Blog #9 The role peer can play in harm reduction: Learning from The Loop

Peer pressure gets a bad press when it comes to young people, and not without good cause. Research has demonstrated, and on many occasions, that the most careful and cautious, safe and sensible teenager will take more risks when their friends are around than they will left to their own devices. All sorts of neurological adventures taking place in the adolescent brain can conspire against safe decision making, until it settles down around their mid-twenties. However, the powerful force that is peer influence is one that can be used for good or ill, as with many things in this world. And that includes when it comes to harm reduction.

 

Drug checking services at festivals have been around for a few years now, much of this in the hands of non-profit organisation The Loop’s team of specialists. People bring the drugs they plan to take, under an amnesty agreed with the authorities. They leave a sample with their team of chemists, and collect the results that tell them their strength and contents as part of a conversation with specialist drugs counsellors. The controversy, and even confusion, that this initially received in some quarters – surely this was encouraging and condoning drug use? – soon abated as it became clear that drug-related harm was seriously reduced when this service was available.
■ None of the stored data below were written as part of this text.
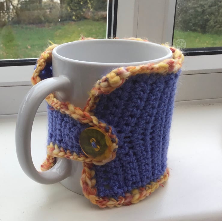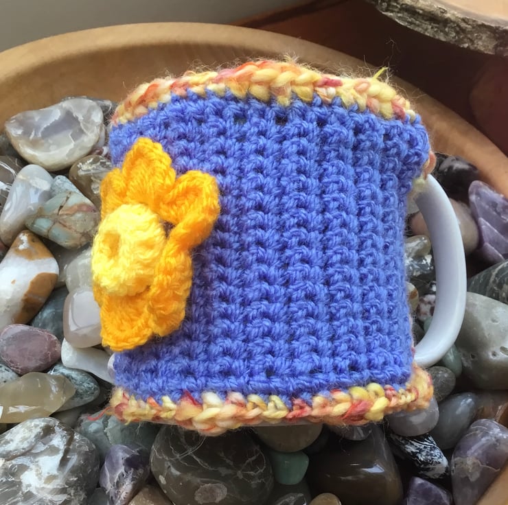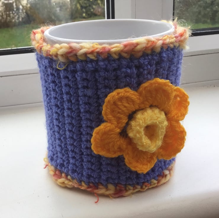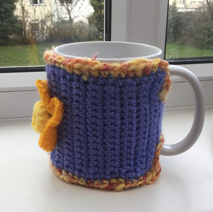 Spring Daffodil Mug Cosy, crocheted in a muted blue or mauve acrylic yarn and trimmed in variegated yellow orange yarn and featuring a crocheted golden yellow daffodil, inspired by looking forward to spring and fastened with yellow button.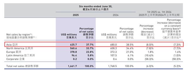 据新秀丽2025年中期报告显示:新秀丽销售净额为16.62亿美元,同比下降6%。亚太地区作为新秀丽的重要市场,销售净额减少了8.0%,是所有区域中下降幅度较大的。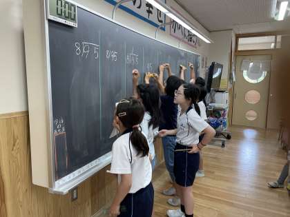 算数科「わり算の筆算」の学習では、わり算の筆算の仕方を覚えたり、意味を考えようとして取り組んでいます。今日はファミリーで筆算リレーをしました。話し合いながら筆算の行程を考えていた子どもたちでした。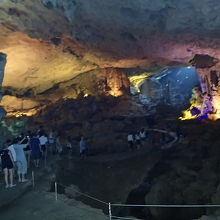 通路が狭く観光客が大勢いたので、鍾乳洞に入ってからも行列で少しウンザリしました。 でも中はかなり広く、動物に見立てた鍾乳石など、楽しめます。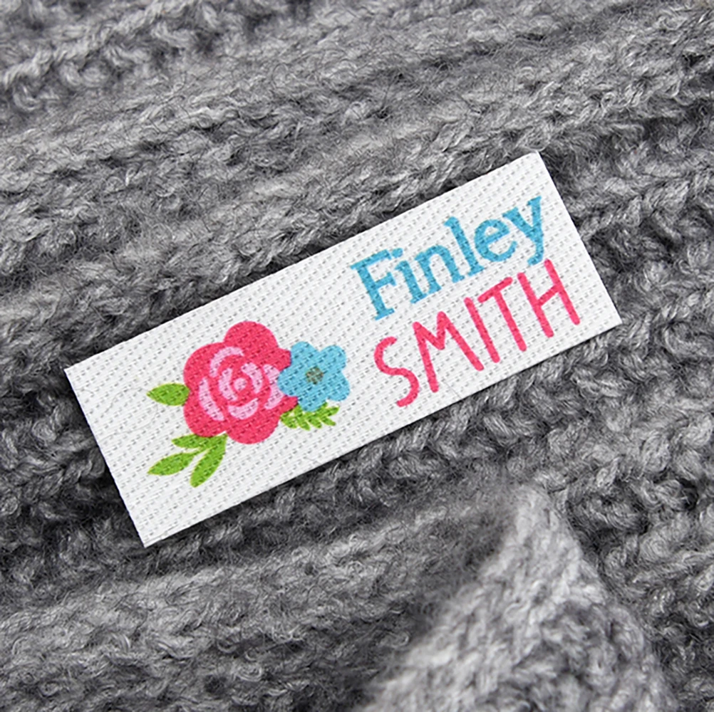 Etichette in cotone personalizzate per abbigliamento – Etichette ecologiche termoadesive/cucire con testo e logo personalizzati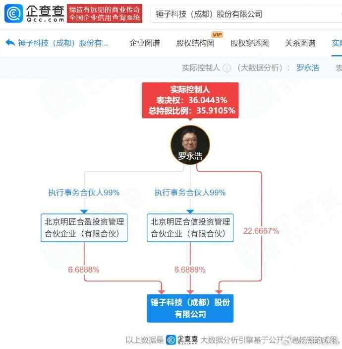 企查查信息显示,锤子科技(成都)股份有限公司成立于2012年5月,法定代表人为管志良,注册资本约3150万元,经营范围包含计算机软硬件技术开发、技术服务、生产手机等,由罗永浩、成都东方广益投资有限公司等共同持股。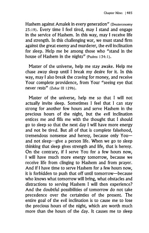 sleep, and which fills me with heretical ideas that if I entire goal of the evil inclination is to cause me to lose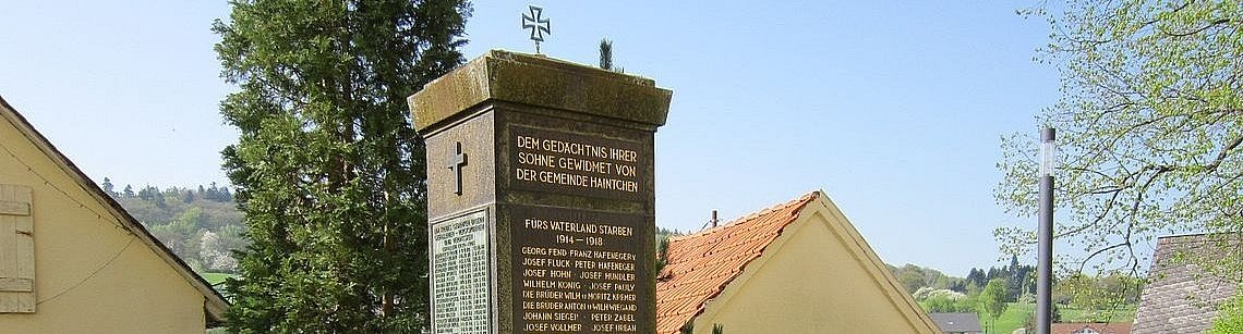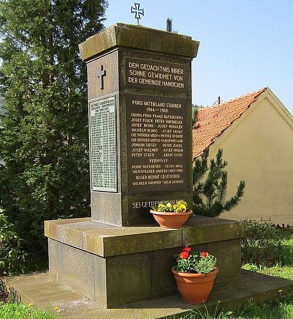 Im Jahr 1923 fand vor der Pfarrkirche St. Nikolaus die Einweihung des Kriegerdenkmals für die Gefallenen des I. Weltkrieges statt. Aus Haintchen sind 22 junge Männer aus dem Ersten Weltkrieg nicht mehr in die Heimat zurückgekehrt.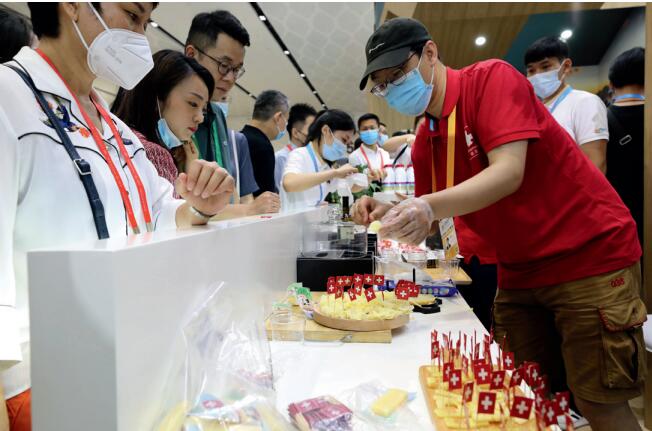 >> 在??谑虚_幕。圖為在海南國際會議展覽中心時尚生活展區,參觀者排隊體驗來自瑞士的奶酪。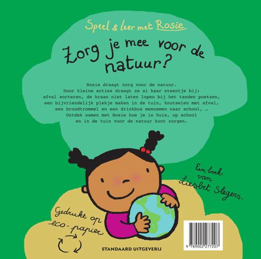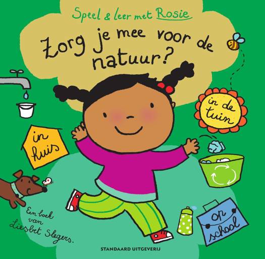 Rosie draagt zorg voor de natuur. Door kleine acties draagt ze al haar steentje bij: afval sorteren, de kraan niet laten lopen bij het tanden poetsen, een bijvriendelijk plekje maken in de tuin, knutselen met afval, een broodtrommel en een drinkbus meenemen naar school, … Ontdek samen met Rosie hoe je in huis, op school en in de tuin voor de natuur kunt zorgen.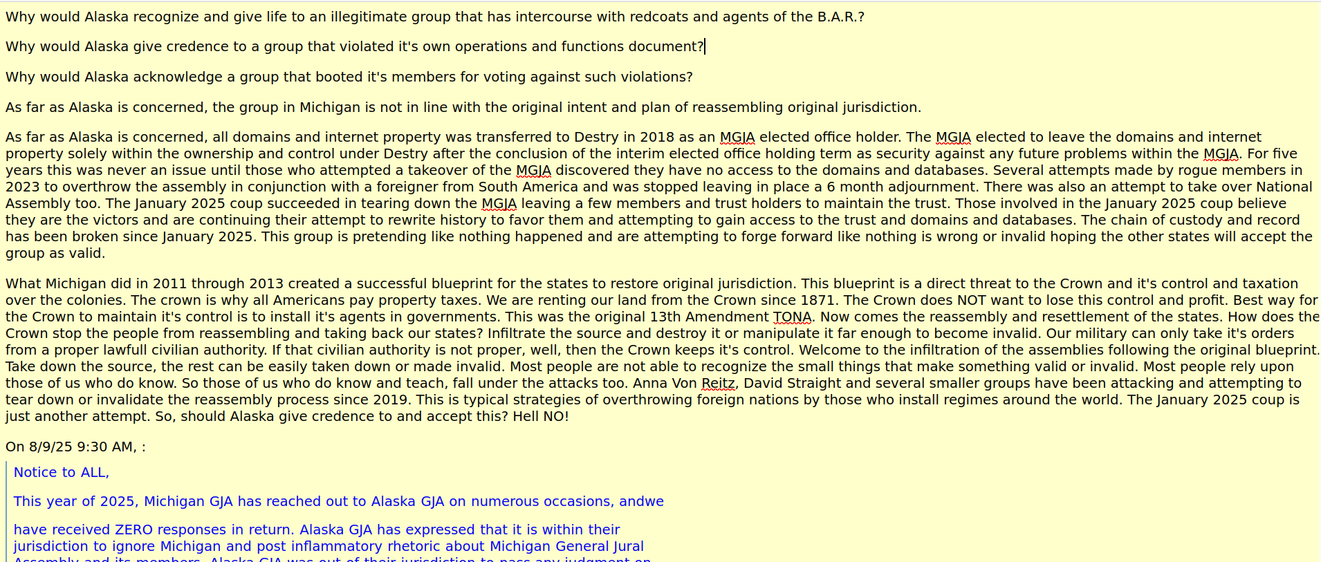 Current happenings 7 months after the coup. Alaska's public response over the rhetoric.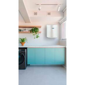 COMPACTO E FUNCIONAL: O aquecedor deve ser instalado na parede, uma combinação perfeita que se adapta a qualquer ambiente, otimizando espaços seja no banheiro, cozinha, lavanderia ou até mesmo dentro de móveis planejados.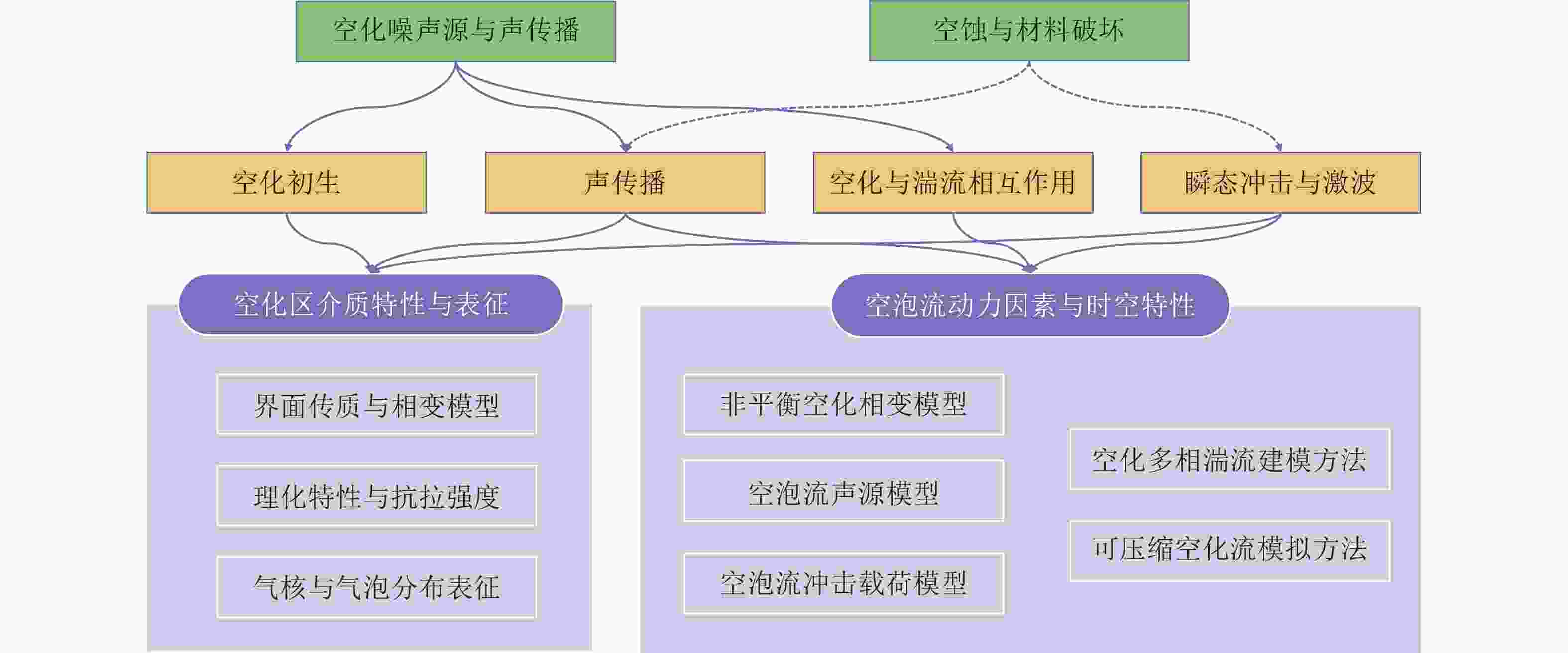 摘要: 水动力空化是船舶推进、航行体跨介质运动等领域一种常见的物理现象. 针对工程领域空化噪声和空蚀预报对非平衡空化流动研究的迫切需求, 回顾了20余年来空化核与初生、群泡水体介质特性与声传播、空化与湍流相互作用、空泡溃灭瞬态冲击与激波等关键基础科学问题研究的主要进展; 梳理出空化宏观模拟面临的空化相变建模、多相流模拟和多相湍流3个挑战, 指出多尺度空化模拟的重要性并对微介观模拟方法做了简要介绍; 总结了近年来空化流微介观模拟在空化区混合介质基本物理特性、空泡流场时空特性等方面获得的新认识以及高阶数值模拟方法. 面向高精度空化流动多尺度模拟与工程预报, 展望了定量、准确描述空化区域水汽掺混介质特性与空化流时空特性的两个层面迫切需要解决的若干基础性建模问题.Abstract: Hydrodynamic cavitation is a prevalent physical phenomenon in ship propulsion and underwater vehicles. To accurate prediction of cavitation noise prediction and cavitation erosion forecasting, this paper reviews key advances over the past two decades: nuclei and inception mechanisms of cavitation, pressure fluctuations and acoustic propagation across cloud cavitating regions, interaction between cavitation and turbulence, transient impact dynamics during cavity collapse and shock wave generation. Current research status and limitations are discussed through perspectives including phase transition model, multiphase flow simulation methodology, and cavitation-turbulence interactions. A concise overview is presented on multi-scale simulation methodologies for cavitating flows, summarizing recent insights into mixed-phase medium characteristics within cavitating zones and spatiotemporal evolution features of cavity fields derived from meso-scale simulations. For future development in multi-scale modeling and engineering forecasting of cavitating flows, the paper identifies two critical theoretical challenges requiring quantitative characterization: (1) fundamental modeling of vapor-water mixture properties in cavitating regions; and (2) precise representation of spatiotemporal dynamics of cavitating flows.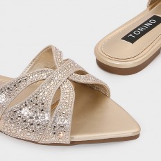 نقدم لكِ هذا النعال من تورينو , تصميم أنيق مزين بالستراس , سهل الإرتداء ومتوفر بألوان لا غنى عنها

This was soon backed up with published evidence.

 

Last week a further study was published that examined the ongoing impact that accessing The Loop’s service had on young people’s decisions about drugs, and their behaviours around drugs, following up a sample of people who’d used their service three months later. There’s so much that’s interesting, enlightening, encouraging and to be celebrated about the findings, but one of the elements that struck us most was the role peers can play in continuing those important conversations about drugs, risks and staying safe that for so many had just begun when they spoke to The Loop.

 

Many of the young people in The Loop’s tent found themselves having their first ever honest conversation about drugs and drug use with someone who was qualified to give them information and advice – often their first bit of really useful drugs education. What was striking was how many of these kept those conversations going amongst their peers, both during and after the festival itself. As this study has shown, more than two in five (42.5%) of young people said they’d continued to talk more to friends – and acquaintances – about the contents of pills and powders three months after those first festival interventions.

 

At workshops we always talk to young people about the power of one, about being a positive peer influence, about the important harm reduction role a clear-headed, well-informed, vigilant friend plays for anyone using drugs or alcohol. Being able to have honest, open and informed conversations about drugs is so important, with peers, with parents and with professionals. Well done to The Loop for all they’ve done, in this and in so many ways, in helping young people – and their friends and acquaintances – make safer choices about drugs.